Material for this task below:

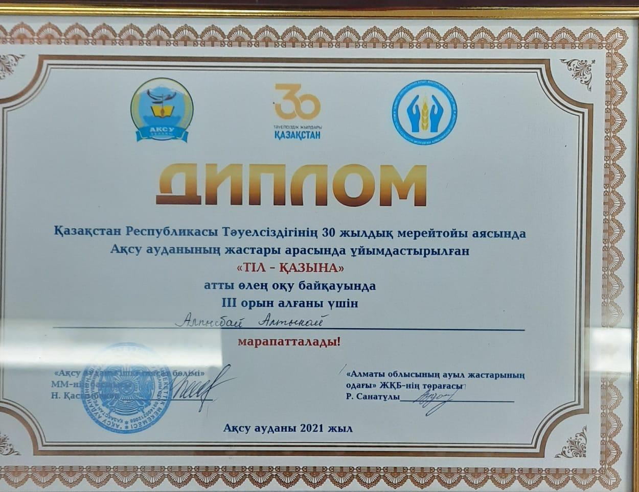 Қазақстан Республикасы Тәуелсіздігінің 30 жылдық мерейтойы аясында Ақсу ауданының жастары арасында ұйымдастырылған "ТІЛ - ҚАЗЫНА " атты өлең оқу байқауында ІІІ орын алғаны үшін Алпысбай Алтынай марапатталады.
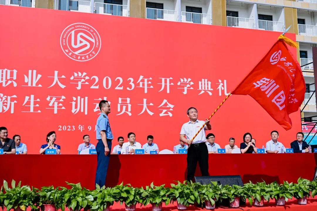 孙冰红代表KY.COM向2023级新生的到来表示热烈欢迎,向陪伴大家一路成长的家长、老师致以崇高敬意,向承训部队和教官表示衷心感谢!在讲话中回顾了KY.COM办学三十六年的峥嵘岁月,并向同学们介绍了近年来KY.COM在发展职业本科进程中取得的成果。在开启崭新的人生旅程之际,他要向同学们提三点期望:
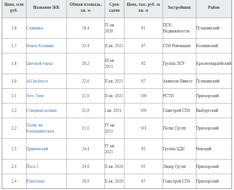 Еще в начале этого года самую дешевую студию с петербургской пропиской и на стадии котлована можно было найти за полтора миллиона рублей. Но ажиотаж накануне 1 июля взвинтил для покупателя стоимость входного билета на рынок новостроек. Билютень недвижимости (сайт с очень толковой аналитикой) составил топ-10 самых доступных по цене квартир в Петербурге, которые застройщики предлагают после перехода рынка новостроек на новые правила 214-ФЗ Дешевые студии с петербургской пропиской сейчас предлагаются в новостройках Колпино (ЖК «Новое Колпино» от «СПб Реновации»), Шушарах (ЖК Славянка от компании «ПСК-Недвижимость») или бывших совхозных полях Красногвардейского района (ЖК «Цветной город» от «Группы ЛСР»). В традиционных городских спальниках квартиру стоимостью ниже 2 млн руб. уже не отыскать. Впрочем, прибавив пару сотен тысяч, можно приобрести компактную по площади студию в Приморском, Выборгском или Невском районе. Отметим, что, несмотря на ценовой рост, Приморский район по-прежнем
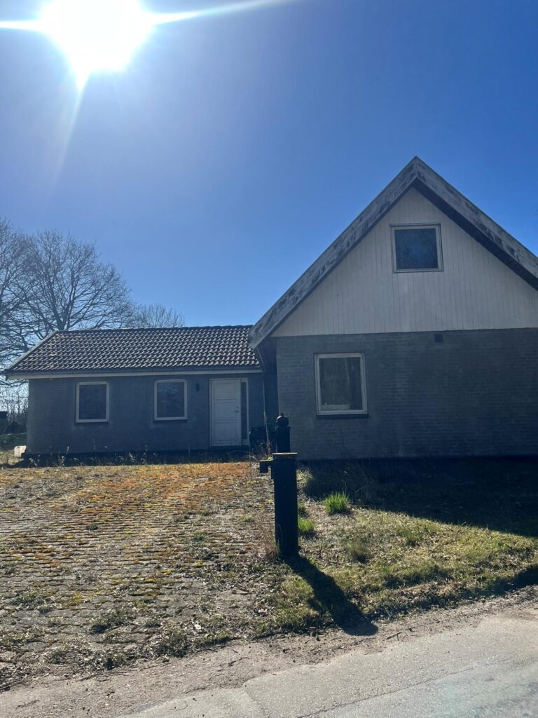 Til venstre for huset er en dobbeltgarage med plads til to biler. Pladsen foran garagen fremstår meget rodet med diverse genstande. Husets facade er forholdsvis velholdt og fremstår med minimale revner. Huset er rødt med sort bølgetag af fibercement. Malingen på husets skorsten fremstår slidt, men er ellers i rimelig stand.
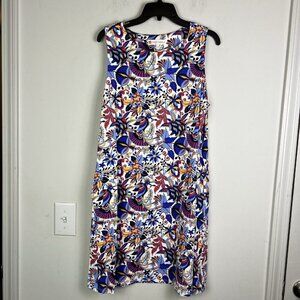 Jude Connally Melody Dress womens size large blue hummingbird patterned

End of Material for this task.

**Exercise prompt:**
Repeat the records in full, exactly as they appear, but with the pictures removed.

**Answer:**
 Қазақстан Республикасы Тәуелсіздігінің 30 жылдық мерейтойы аясында Ақсу ауданының жастары арасында ұйымдастырылған "ТІЛ - ҚАЗЫНА " атты өлең оқу байқауында ІІІ орын алғаны үшін Алпысбай Алтынай марапатталады.
 孙冰红代表KY.COM向2023级新生的到来表示热烈欢迎,向陪伴大家一路成长的家长、老师致以崇高敬意,向承训部队和教官表示衷心感谢!在讲话中回顾了KY.COM办学三十六年的峥嵘岁月,并向同学们介绍了近年来KY.COM在发展职业本科进程中取得的成果。在开启崭新的人生旅程之际,他要向同学们提三点期望:
 Еще в начале этого года самую дешевую студию с петербургской пропиской и на стадии котлована можно было найти за полтора миллиона рублей. Но ажиотаж накануне 1 июля взвинтил для покупателя стоимость входного билета на рынок новостроек. Билютень недвижимости (сайт с очень толковой аналитикой) составил топ-10 самых доступных по цене квартир в Петербурге, которые застройщики предлагают после перехода рынка новостроек на новые правила 214-ФЗ Дешевые студии с петербургской пропиской сейчас предлагаются в новостройках Колпино (ЖК «Новое Колпино» от «СПб Реновации»), Шушарах (ЖК Славянка от компании «ПСК-Недвижимость») или бывших совхозных полях Красногвардейского района (ЖК «Цветной город» от «Группы ЛСР»). В традиционных городских спальниках квартиру стоимостью ниже 2 млн руб. уже не отыскать. Впрочем, прибавив пару сотен тысяч, можно приобрести компактную по площади студию в Приморском, Выборгском или Невском районе. Отметим, что, несмотря на ценовой рост, Приморский район по-прежнем
 Til venstre for huset er en dobbeltgarage med plads til to biler. Pladsen foran garagen fremstår meget rodet med diverse genstande. Husets facade er forholdsvis velholdt og fremstår med minimale revner. Huset er rødt med sort bølgetag af fibercement. Malingen på husets skorsten fremstår slidt, men er ellers i rimelig stand.
 Jude Connally Melody Dress womens size large blue hummingbird patterned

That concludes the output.